These biscotti have almonds baked in,
not alimony 

Atherton v. Atherton, 2019 VT 15

By Chris Larson

I’m writing about this case from the Speakeasy Cafe in Rutland, eating a plate of almond cookies. As an aside, this is a really good cookie and a fabulous coffee shop. Check it out if you’re in our fair city.

This aside is related to our discussion of this case because these cookies have fat almonds baked into them with the pointy ends sticking out of the sugared tops. And the rule of the case concerns the information “baked in” to decisions on spousal maintenance. I can’t take credit for this tortured metaphor—the Supreme Court came up with it, as you will read shortly.

This case is about whether you can get your alimony payments reduced if you lose your job.

The husband in this case asked the family court to reduce his spousal maintenance obligation after he lost his job. The trial court refused to do so, but the Supreme Court overturns this decision.

Husband was an adjuster for an insurance company making about $70,000 per year.

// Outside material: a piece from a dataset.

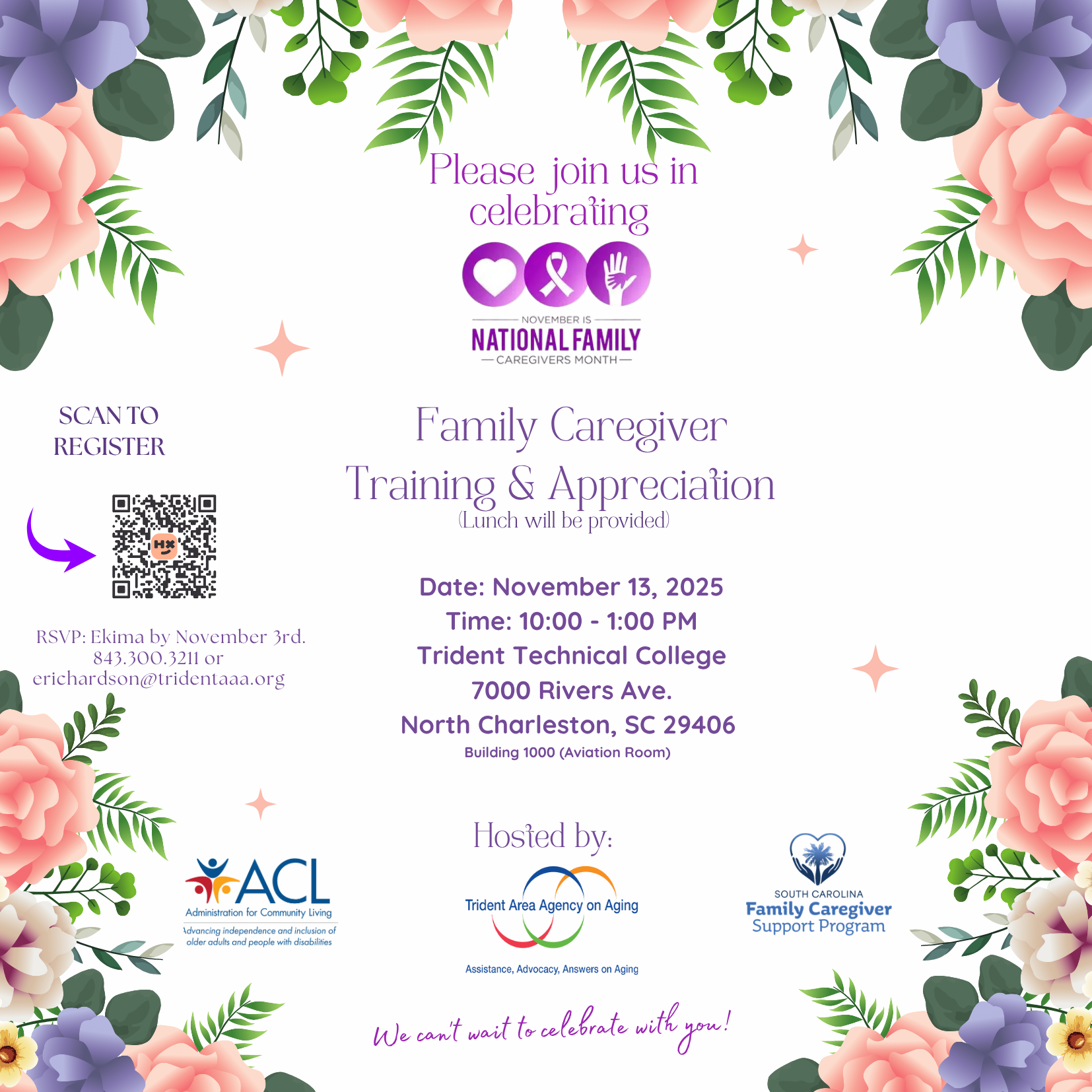 The Trident Area Agency on Aging is hosting a Family Caregiver Training & Appreciation event.

Husband and wife were married for twenty years. When they got divorced , the trial court ordered Husband to pay $1,500 per month to Wife for ten years. That’s $180,000. After those payments, he would continue to pay a lesser amount, depending on whether he retired.

While the divorce was pending, but before the final order, Husband received a written warning from his supervisor that sounded pretty serious. It warned that he might be terminated. Shortly before the divorce proceedings ended with an order, Husband took a leave of absence, in part because of the anxiety and depression from the divorce. After the divorce was final, he returned to work briefly but was fired after less than a month.

Husband filed to modify his spousal maintenance downward while he looked for new work. Wife opposed this motion.

The question for the trial court was whether the termination of Husband’s employment was foreseeable. That’s because the standard to modify the spousal maintenance award is a “real, substantial, and unanticipated change of circumstances.” There’s no doubt that losing his career job was a real and substantial change—the only question was whether it was foreseeable. Strangely, if Husband knew he would be fired, he would be unable to change the order; if he didn’t foresee it, all was well.

The trial court denied Husband’s motion, meaning he would be required to keep paying $1,500 per month even though he didn’t have a job. The reasoning was that Husband knew, at the time he filed the stipulation that provided the basis for the judgment, that he had been warned that he might be fired.

Did Husband’s knowledge that he might be fired mean that he can’t get his alimony reduced when he does get fired?

The Supreme Court rehearses a history of opinions on the issue of when a termination is foreseeable. It notes cases that found  a termination caused by wrongdoing engaged in years before a divorce was not a foreseeable reason. It discusses a case where the payor spouse was charged with a crime at the time of a divorce, but sentenced after, and found that loss of income unforeseeable as well. Finally, it reviews the facts of a case where the payor spouse was remarried, causing an increase in expenses. The Court reversed that case as well, noting that remarriage might be a “reasonable anticipation,” it was not foreseeable, either.

The Supreme Court derives from these cases the rule that a change is unanticipated if it departs substantially from the assumptions considered in the maintenance order. The question is whether the change of circumstance was “baked in” to the support order or not. I’m not kidding about this—that’s the rule articulated in paragraph 18 of Atherton.

And with that, I’m getting another round of almond cookies.